In United States v. Windsor, the Supreme Court ruled that Section 3 of the Defense of Marriage Act (DOMA) is unconstitutional as a violation of the Equal Protection Clause of the Constitution. This ruling will affect a vast number of federal laws.
While the full implications of this ruling will take time and regulatory guidance to understand, what is clear at a minimum is that differential treatment of opposite-gender and same-gender married couples is not permissible in the states that allow or recognize same-gender marriages. At present, there are 17 states, plus the District of Columbia, that do.
One of the many issues left unresolved following the court’s ruling is the impact on same-gender spouses residing in states that do not recognize or directly ban same-gender marriage. Regardless, unless and until a federal court interprets the Windsor decision otherwise, one presumption worth considering is that federal regulatory guidance (when issued) will uniformly recognize all marriages of same-gender couples throughout the United States, provided the marriage is valid in the state where the marriage occurred. There are pros and cons to relying on this presumption, which further underscores the need to seek advice from your legal counsel as to your particular circumstances.

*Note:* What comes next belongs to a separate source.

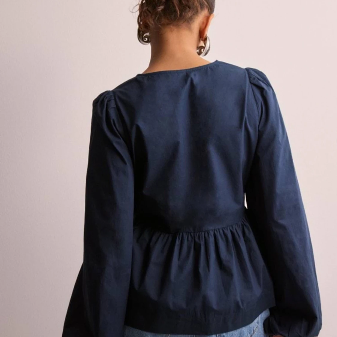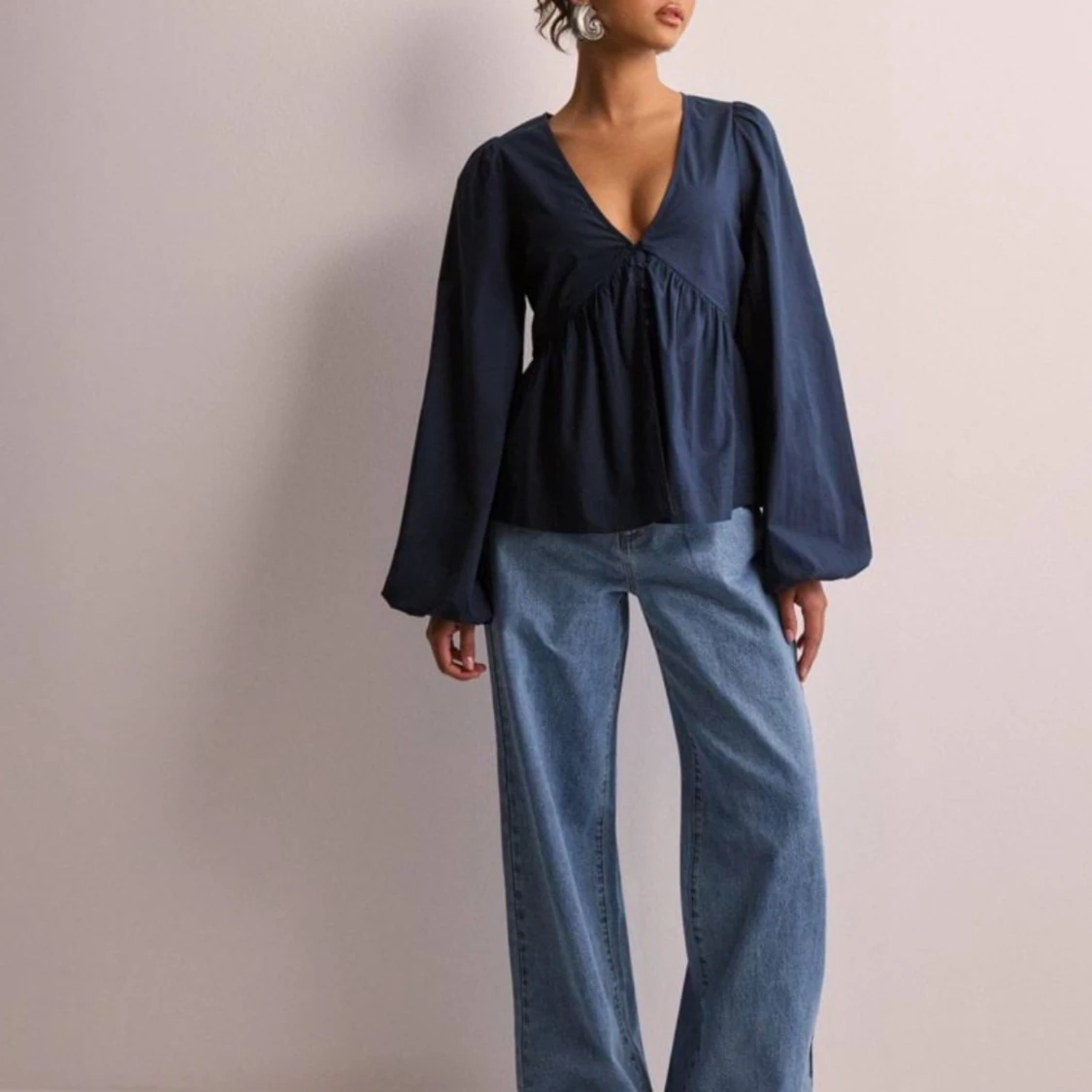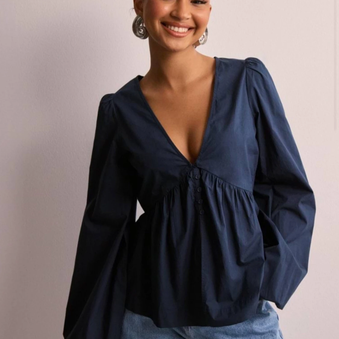 Säljer en superfin mörkblå blus med v-ringning och långa ärmar. Blusen har en lös passform och knappar framtill som ger en snygg detalj. Perfekt för både vardag och fest! Använd endast en gång så är i nyskick💕priset kan diskuteras

The list below is not exhaustive of all issues that may be impacted by the Supreme Court’s decision, but is intended to identify some of the more commonly occurring issues. Employers and employees are urged to consult with counsel for specific advice on how to assess the Windsor.
Tax Treatment of Employer and Employee Contributions for Coverage of Same-Gender Spouses
Prior to the Supreme Court’s ruling, employees could not pay for health care coverage for their same- gender spouses on a pre-tax basis, and employers were required to impute income to the employees when the cost of coverage was subsidized by the employer for the employees’ same-gender spouses (unless they separately qualified as the employee’s tax dependent). Under the ruling, the federal tax treatment of same-gender spouses (at least those married and residing in one of the 17 above-referenced states or D.C.) may have to be the same as for opposite-gender spouses, allowing for pre-tax premiums and no requirement to impute income for employer-paid coverage.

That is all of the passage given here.